* TASK DETAILS
Here is the task for the listing below: output exactly the lines from the one containing "켈빈 K 값이 높을수록 하얀 빛에 가깝고 낮을수록 주황 빛에 가깝다." through the one containing "サウナと水風呂を楽しんだ後は、外に設けられた外気浴スペースへ。", and leave out the pictures.

* RECORDED INFORMATION
┌──

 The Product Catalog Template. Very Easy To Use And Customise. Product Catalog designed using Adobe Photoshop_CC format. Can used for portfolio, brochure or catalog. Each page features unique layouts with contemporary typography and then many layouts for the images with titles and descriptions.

└──
┌──

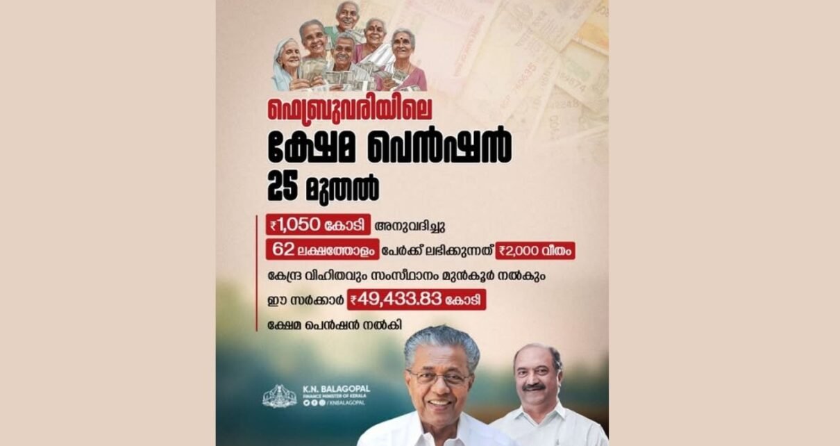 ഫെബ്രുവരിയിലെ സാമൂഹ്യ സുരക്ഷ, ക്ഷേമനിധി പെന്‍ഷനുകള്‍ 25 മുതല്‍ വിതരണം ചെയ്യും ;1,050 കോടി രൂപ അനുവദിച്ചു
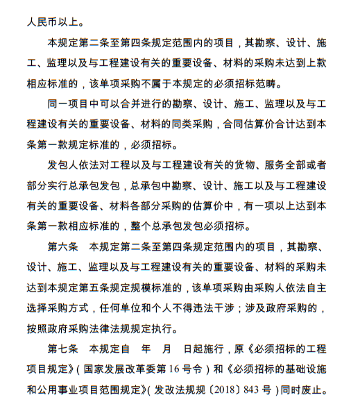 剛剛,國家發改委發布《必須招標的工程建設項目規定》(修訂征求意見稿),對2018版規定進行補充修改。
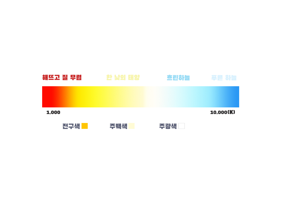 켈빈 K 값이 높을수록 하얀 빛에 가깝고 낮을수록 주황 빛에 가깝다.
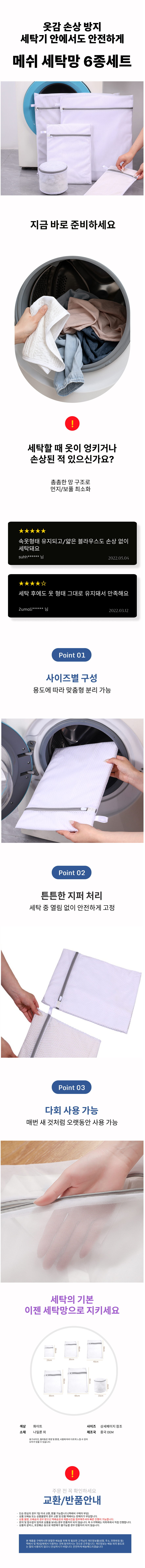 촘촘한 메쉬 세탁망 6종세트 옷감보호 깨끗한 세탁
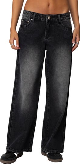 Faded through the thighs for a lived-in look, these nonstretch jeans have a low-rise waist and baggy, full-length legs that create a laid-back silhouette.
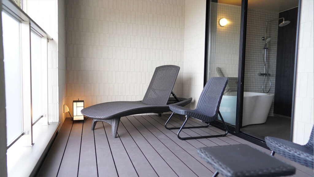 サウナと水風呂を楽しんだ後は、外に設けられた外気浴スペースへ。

└──

* RESPONSE TO THIS EXERCISE
 켈빈 K 값이 높을수록 하얀 빛에 가깝고 낮을수록 주황 빛에 가깝다.
 촘촘한 메쉬 세탁망 6종세트 옷감보호 깨끗한 세탁
 Faded through the thighs for a lived-in look, these nonstretch jeans have a low-rise waist and baggy, full-length legs that create a laid-back silhouette.
 サウナと水風呂を楽しんだ後は、外に設けられた外気浴スペースへ。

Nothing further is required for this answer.